Ancillary Police Powers in Canada

A Critical Reassessment

SERIES: Law and Society
UBC Press

Police enforce the law, but they must also obey it. Statutes circumscribe how law enforcement officers conduct their work. Controls on police power are also embedded in the decisions written by judges, spawning a controversial area of legal debate — and of policing itself. The courts have handed police many powers to stop, search, and otherwise investigate people in the pursuit of public safety and crime prevention.

Ancillary Police Powers in Canada explains what these common-law police powers are, how they came to be, and, crucially, what the potential dangers are in their expanding scope. What is a Mr. Big sting operation, and why was it invented in this country? What is the difference between police duty and lawful authority? Should the Supreme Court revisit and possibly rescind powers when the police tactics they enable become controversial?
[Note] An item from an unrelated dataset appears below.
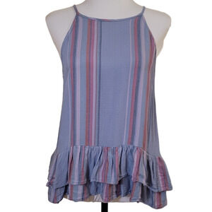 Ruffle Tiered Tank Top Beachy Coastal Stripes Vacation Boho Summer Cruise Size M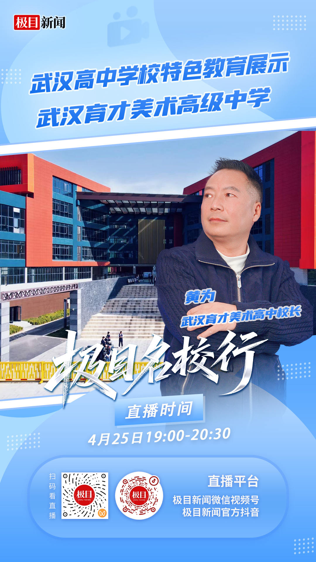 中考招生季,如何选择优质艺术特色高中?为服务广大考生和家长,楚天都市报新闻特别推出“名校行·2026年武汉高中学校特色展示”节目,邀请一批优质学校的校长、招生负责人做客直播间,帮助初三学生和家长更全面地了解学校和中考政策。4月25日(周六)19:00-20:30,武汉育才美术高中校长黄为将做客名校行,向广大考生和家长介绍武汉育才美术高中的独特魅力,同时为广大考生和家长权威解读艺术升学与择校关键信息。

This nuanced book surveys the evolution, application, and future development of judge-made police powers in Canada from various points of view. The authors, experts in law, policing, and criminal justice, bring historical perspective, critical legal theory, and empirical analysis to bear on an issue that is fundamental to constitutional protection from state interference with individual liberty. The result is a unique and thought-provoking journey into the changing practice of Canadian policing.

This sophisticated, timely, and substantive investigation of ancillary police powers will have a wide audience among professors and students of law, criminology, and sociology, and among lawyers, judges, police officers, and other legal professionals.

I know of no single work that attempts to do what this book does so well: bring together into a single account the history of policing, its relation to the common law, the emergence of the doctrine of Ancillary Police Powers, its practical effects, and its theoretical shortcomings. This book is unusually diverse and substantive – and it is immensely valuable. Robert Diab, coauthor of Search and Seizure
The authors of Ancillary Police Powers in Canada shatter the widely held assumption that the courts are protecting citizens from overreach by police. This timely, sophisticated, and trailblazing collection is a must-read for anyone interested in police powers and constitutional rights. Nicole O’Byrne, Faculty of Law, University of New Brunswick

John W. Burchill is an instructor at the University of Manitoba, chief of staff with the Winnipeg Police Service, and president of the Winnipeg Police Museum and Historical Society. He received the Lieutenant Governor of Manitoba’s Award for Historical Preservation in 2020 and was inducted into the Governor General of Canada's Order of Merit in 2010. His publications include volumes 1 and 2 of Pioneer Policemen: The History of the Manitoba Provincial Police.

Richard Jochelson is the Dean of Law at the University of Manitoba. A widely published scholar, he also spearheaded Robsoncrim.com, a leading research blog that undergirds the Criminal Law Edition of the Manitoba Law Journal.

Akwasi Owusu-Bempah is an associate professor in the Department of Sociology at the University of Toronto and a senior fellow at Massey College. He has held positions with Canada’s National Judicial Institute, the Public Health Agency of Canada, and Ontario’s Ministry of the Solicitor General. He is the co-author of Waiting to Inhale: Cannabis Legalization and the Fight for Racial Justice.

Terry Skolnik is an associate professor in the Faculty of Law at the University of Ottawa and the co-director of the uOttawa Public Law Centre. He is also the interim executive director of the Academy for Justice at the Sandra Day O’Connor College of Law at Arizona State University. He was formerly an officer in the Montreal Police Service.